Reference in the specification to "an embodiment" means that a particular feature, structure, or characteristic described in connection with the embodiment may be included in at least one embodiment of the application. The appearances of such phrases in various places in the specification are not necessarily all referring to the same embodiment, nor are separate or alternative embodiments mutually exclusive of other embodiments. It is to be expressly and implicitly understood by those of ordinary skill in the art that the embodiments described herein can be combined with other embodiments without conflict.

Unless defined otherwise, technical or scientific terms used herein should be given the ordinary meaning as understood by one of ordinary skill in the art to which this application belongs. Reference to "a," "an," "the," and similar terms herein do not denote a limitation of quantity, but rather denote the singular or plural. The terms "comprising," "including," "having," and any variations thereof, are intended to cover a non-exclusive inclusion; for example, a process, method, system, article, or apparatus that comprises a list of steps or modules (elements) is not limited to only those steps or elements but may include other steps or elements not expressly listed or inherent to such process, method, article, or apparatus. The term "plurality" as used herein refers to two or more.

In the related art, vision-based mechanical arm object gripping mainly has three kinds: firstly, fixing the positions of a camera and a mechanical arm, calibrating the hand-eye relation, acquiring pictures by using a color camera in combination with a camera of a depth camera, calculating the three-dimensional coordinates of a target object under a camera coordinate system, calculating the three-dimensional coordinates of the target object under the mechanical arm coordinate system according to a conversion matrix between the camera coordinate system and the mechanical arm coordinate system, and then controlling the mechanical arm to grasp; secondly, fixing the positions of the camera and the mechanical arm, calibrating the hand-eye relationship, acquiring information of an object by adopting a binocular camera or a plurality of cameras, performing three-dimensional reconstruction on the target object to obtain shape information and three-dimensional coordinates of the target object, and finally controlling the mechanical arm to grasp; thirdly, the positions of the camera and the mechanical arm are fixed, the hand-eye relation is not calibrated, and the position errors of the robot hand and the target object are directly observed from the image by utilizing the jacobian matrix, so that the expected movement of the robot hand to eliminate the errors is calculated.

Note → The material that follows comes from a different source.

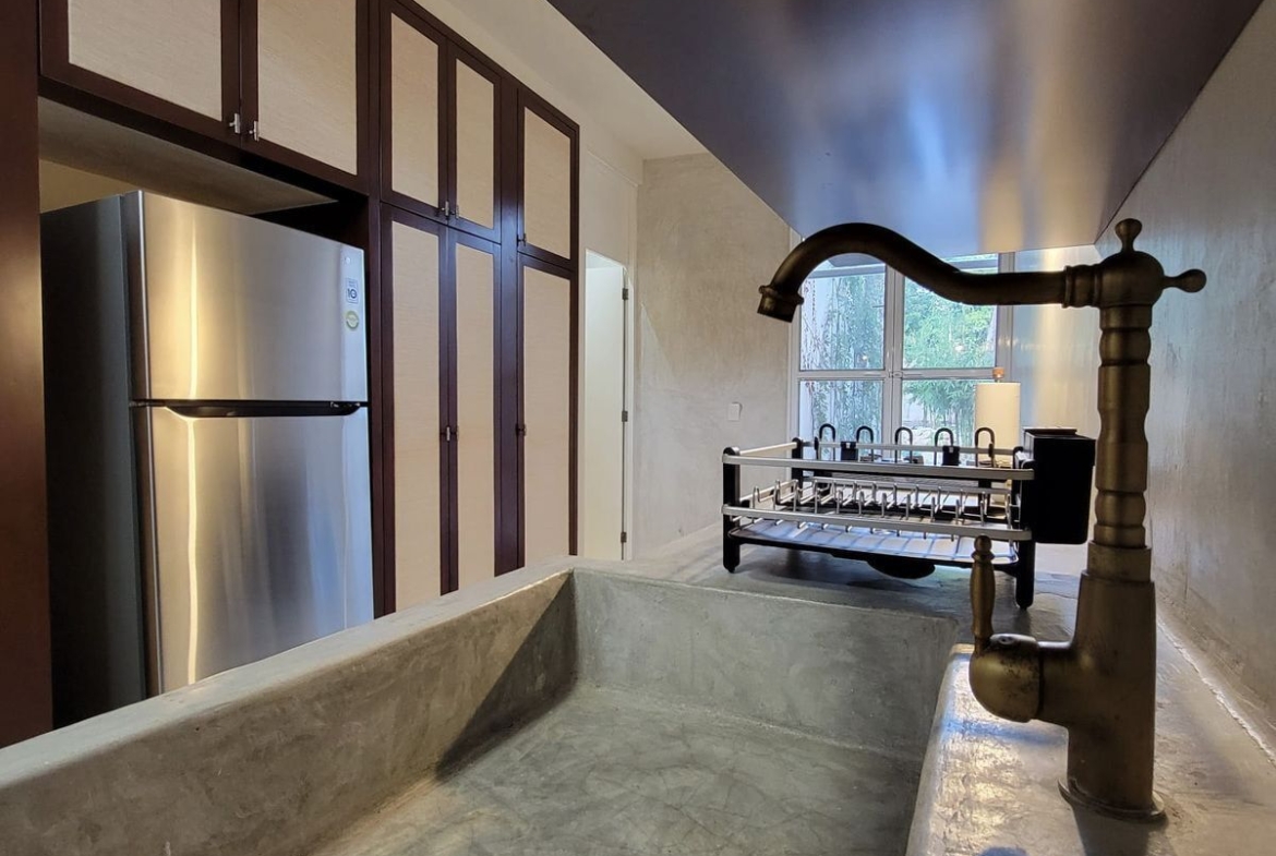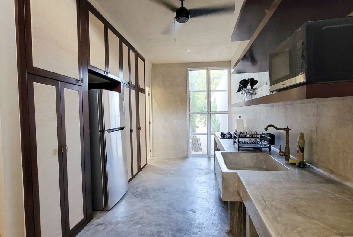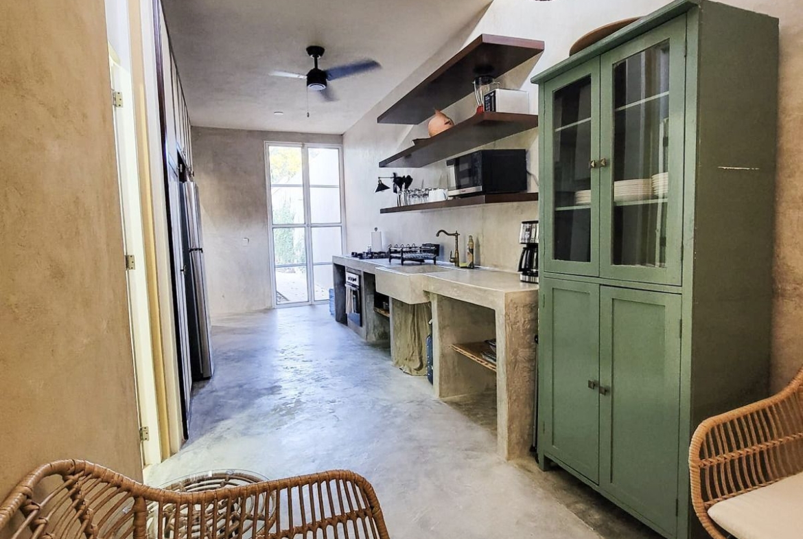 La cocina está completamente equipada con encimeras elegantes, gabinetes a medida y estantes abiertos. Además, conecta con un sendero que lleva directamente al jardín, ideal para desayunar al aire libre o recibir invitados bajo las estrellas.

In the related art, the mechanical arm is controlled by the camera to capture the target object, so that three coordinate systems such as a target image coordinate system, a mechanical arm coordinate system and a camera coordinate system are involved, and the three methods involve matrix calculation or three-dimensional reconstruction of the target object, so that the problems of complex data processing method and large calculation amount exist.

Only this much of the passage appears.